11th Grade Essay - English Law and American Founding


Our 16 year old daughter is reading Roots of American Order and writing a daily essay. Here's her fifth essay on the book, regarding English government forms evident in America's founding:

The United States in its infancy was called New England. But it was New England in more than people, although nearly all her first inhabitants were former English citizens. The young country differed from England in many ways, but in many ways she also held fast to her mother country. English government was the nearest example that our founding fathers had to learn from, so it is natural that many of our government procedures etcetera should be derived from England's system.

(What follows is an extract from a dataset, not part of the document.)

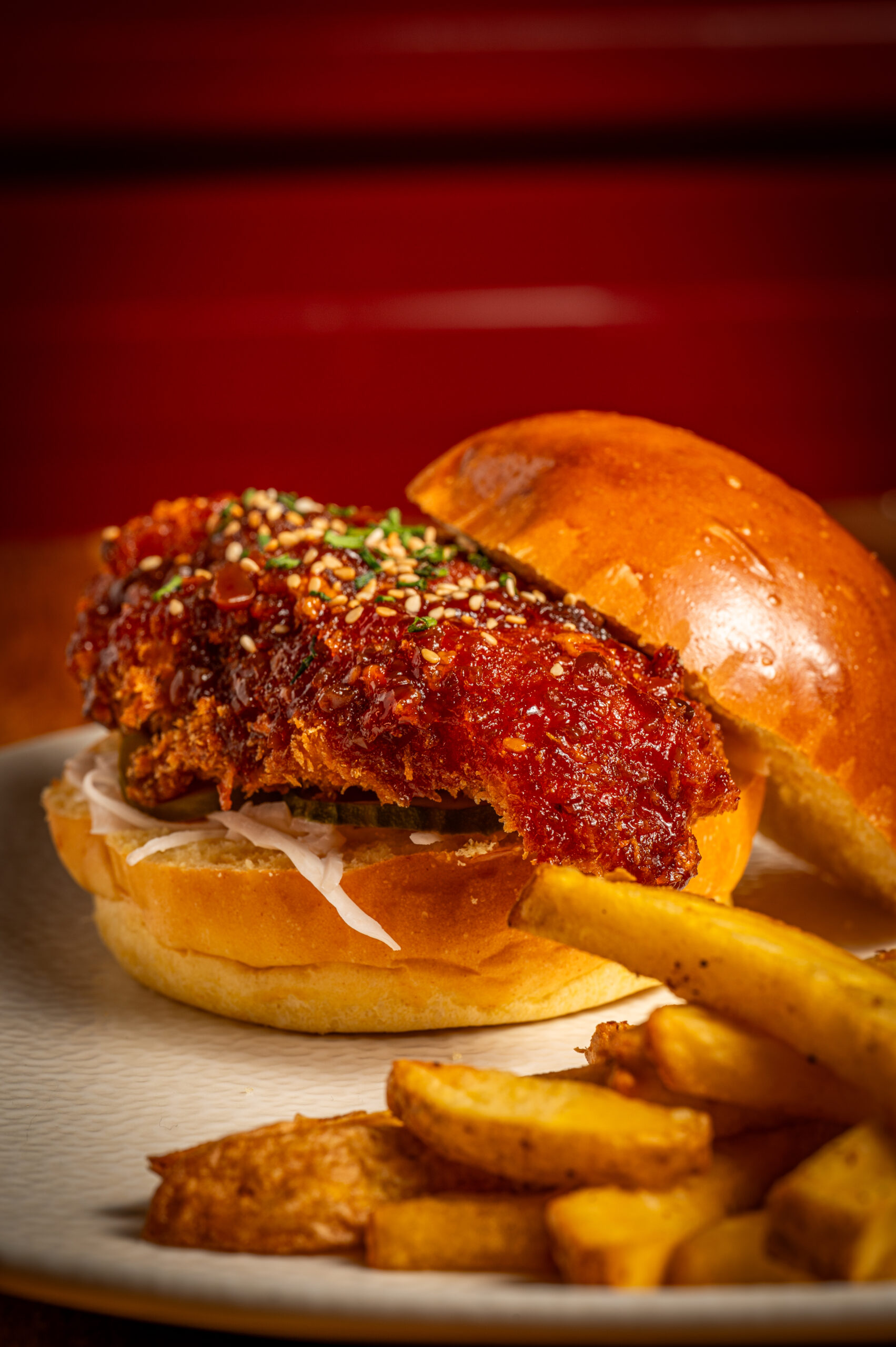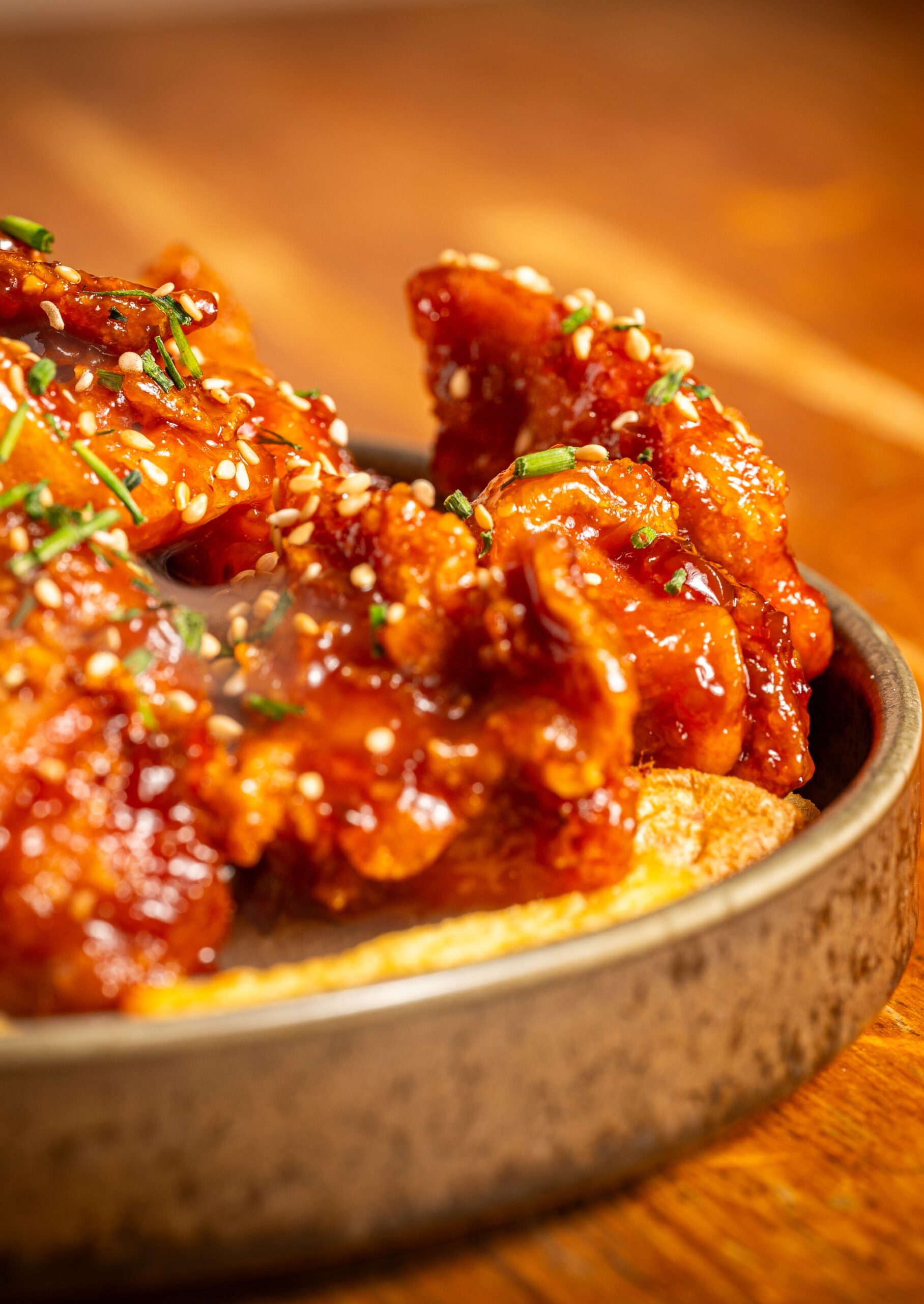 Típica comida callejera coreana, pollo rebozado cubierto con una salsa picante y dulce. semillas de sésamo y cebollín fresco.

The Romans and the Greeks and the Israelites had known little to nothing about the green lands that waited in the North. Although Rome had brought Europe under her flag, she had little time to devote to its civilization. And when her troops were withdrawn, England was left to its own methods. Through it all, Roman order retained its influence, but the government in England and the surrounding countries was largely original. The inhabitants created their own Common Law over the years, and tended it carefully. It was honored by most, and respected by all. And gradually, as the Middle Ages went on, a true government was brought into the light, after the political simplicity of the Dark Ages. This government included a judicial system with a jury, which held justice as its highest goal, as a judicial system should. The king was supreme ruler of the land at first, until King John and the Magna Carta, when the people realized they needed an accountability system of sorts. So onto the scene came the Parliament. A house of commons and a house of lords, created for the purpose of upholding the king as far as he obeyed the Common Law, and to throw him down when he assumed more power than was right. This home-grown government endured many trials and changes, but when the religious dissidents sailed to America, it still held sway.

So, in the creation of American government, English government was first in the minds of the creators. Because they didn't wish to repeat the trials of England, the founders disregarded many aspects of the British system, primarily the idea of a King. And they went far back to Rome's example for help in establishing a Senate and a House. But the Common Law of the old England reigned still in the new, and even in our world today it permeates society invisibly. Plenty of politicians have forgotten to look at what already stands and try to explain concepts in new terms that can't hold a candle to the old. But the truth is, the Common Law was just an extension of God's Moral Law, which lives in each of our hearts and cannot be shaken. Pure right and wrong will never change with the times. They will only be worded differently.